7. The aerial and ground exploration fusion modeling method according to claim 6, characterized in that, S6, specifically: According to the unified spatial coordinate index, the elevation data and orthographic data of each spatial unit in the air-ground heterogeneous vertical dataset are matched with the partition correction parameter vector corresponding to the multi-source vertical correction parameter field; Based on the partition correction parameter vector corresponding to each spatial unit, the elevation data and orthographic data in each spatial unit are jointly coordinate corrected to obtain aerial and ground data under a unified vertical datum. Spatial point set fusion is performed on aerial and ground data under a unified vertical reference to establish a fused three-dimensional spatial model.

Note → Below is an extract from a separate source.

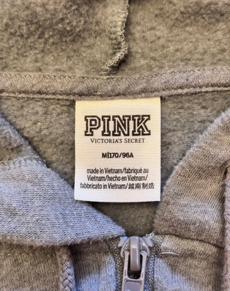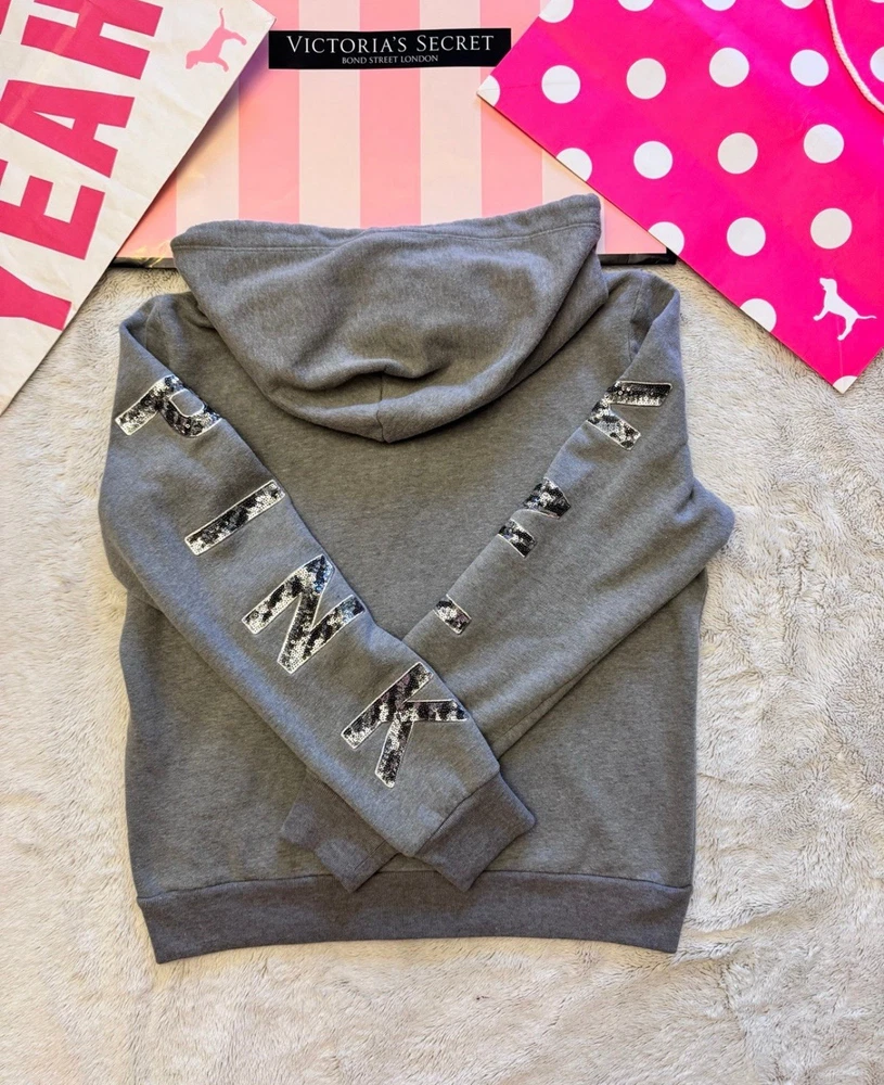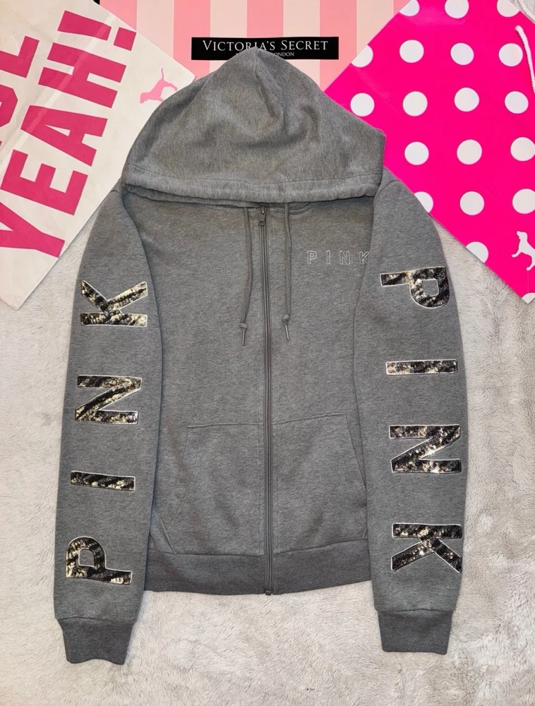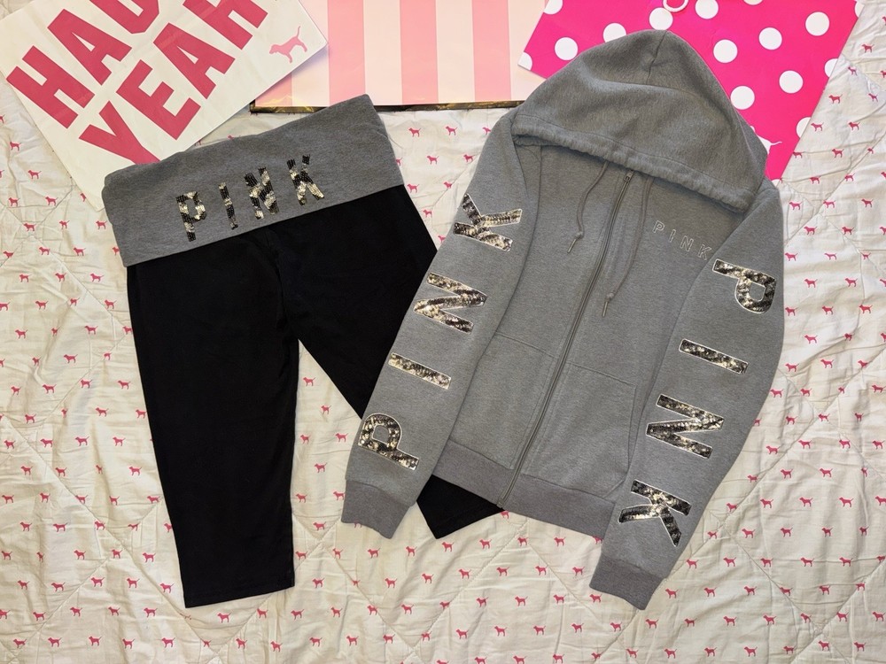 Department: Women Brand: PINK Victoria’s Secret Number of Pieces: 2 Piece Size: M Theme: Zebra Print, Animal Print, Bling, Sequins Material: Cotton Blend Set Includes: Full Zip Hoodie Sweatshirt, Fold Over Capri Yoga Leggings Season: Fall, Winter, Spring, Summer Color: Gray Sleeve Length: Long Sleeve Closure: Zip Type: Outfit/Set Size Type: Regular

8. An aerial and ground exploration fusion modeling system, used to implement the aerial and ground exploration fusion modeling method according to any one of claims 1-7, characterized in that, include: Data acquisition module: Collects elevation data with reference to the ellipsoid and orthographic height data with reference to the geoid, performs time synchronization and unified spatial regional encoding, and outputs vertical datasets from different sources in the air and ground. The benchmark detection module: Based on the air-ground heterogeneous vertical dataset, it constructs an initial vertical benchmark transformation model, performs model residual fitting and anomaly region detection, and outputs the initial aliasing feature data of the target region; Gravity Analysis Module: Based on the initial aliasing characteristic data, analyze the distribution of gravity anomalies in the target area and their spatial coupling relationship with the vertical reference deviation, and output a gravity anomaly height difference model driven by vertical deviation. Terrain Analysis Module: Based on the initial aliasing feature data, analyze the response law of terrain undulation and elevation difference within the target area, and output a terrain-induced regional elevation disturbance model; Parametric modeling module: Based on the gravity anomaly elevation difference model and the regional elevation disturbance model, it performs regional zoning and differential modeling to construct a multi-source vertical correction parameter field; Fusion Modeling Module: Applies the multi-source vertical correction parameter field to the air-ground heterogeneous vertical dataset, performs joint coordinate correction and 3D geometric fusion, and outputs the fused 3D spatial model.